**** Input data ****
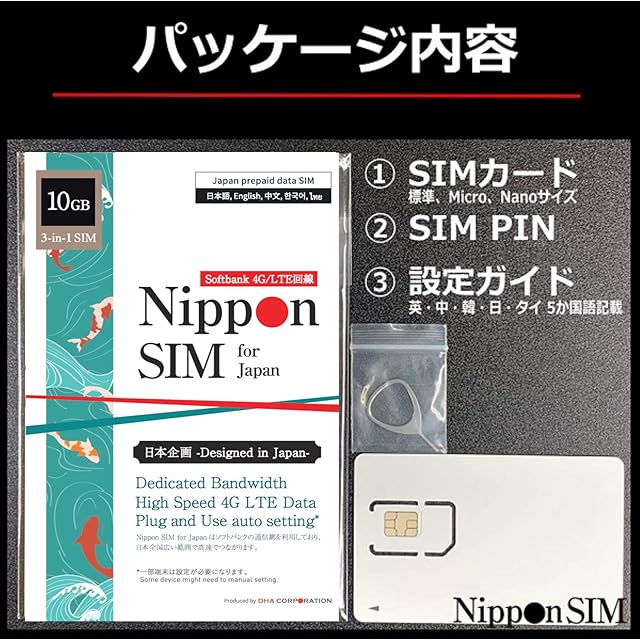 【対応SIMサイズ】マルチカット (標準、マイクロ、ナノサイズ切り替え可能) 【製品パッケージ】 SIMカード/SIMピン/多言語マニュアル
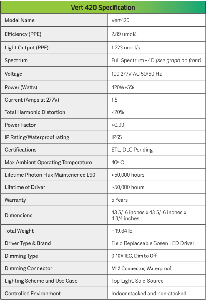 Designed for commercial efficiency, the Vert 420 features detachable Sosen drivers and individually replaceable LED bars for simple, on-site maintenance without replacing the entire fixture. Professional-grade performance at an accessible price point makes it a smart investment for growers focused on plant quality and operational efficiency.
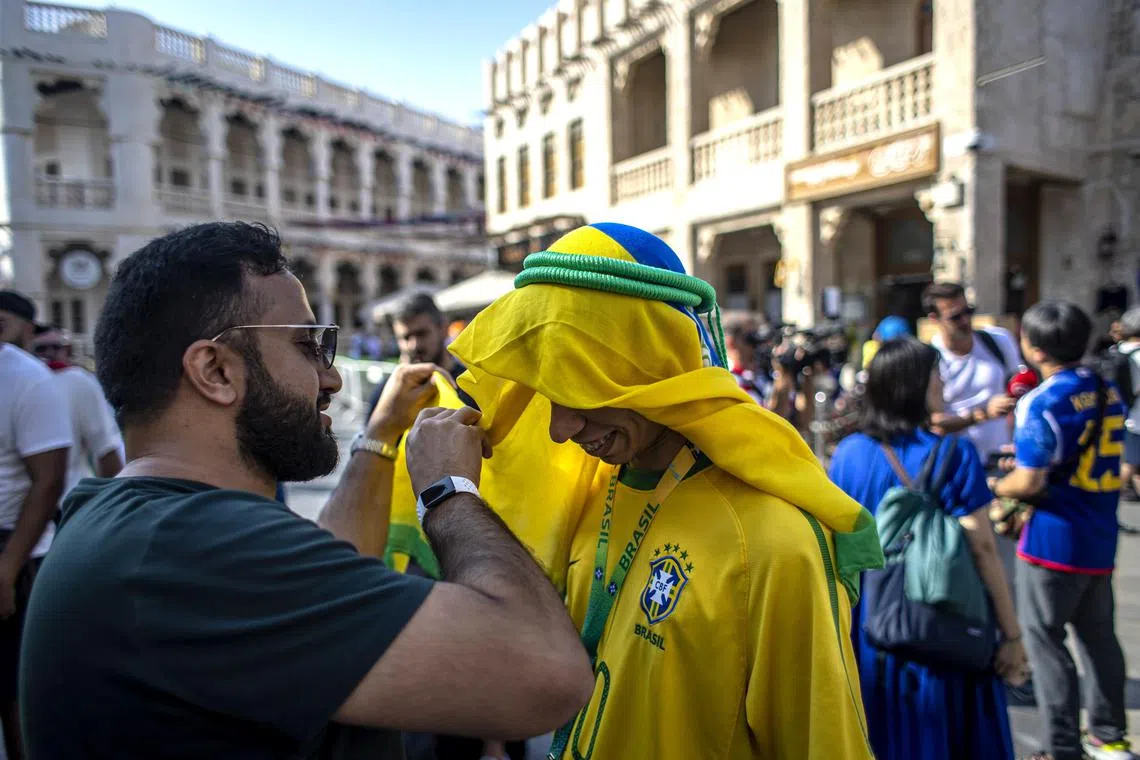 A Brazilian fan getting help in adjusting his flag in the style of a ghutra at the Souq Waqif market.
****
Give again exactly the lines from the one that contains "Designed for commercial" through the end of the material, both ends included, omitting the pictures.

 Designed for commercial efficiency, the Vert 420 features detachable Sosen drivers and individually replaceable LED bars for simple, on-site maintenance without replacing the entire fixture. Professional-grade performance at an accessible price point makes it a smart investment for growers focused on plant quality and operational efficiency.
 A Brazilian fan getting help in adjusting his flag in the style of a ghutra at the Souq Waqif market.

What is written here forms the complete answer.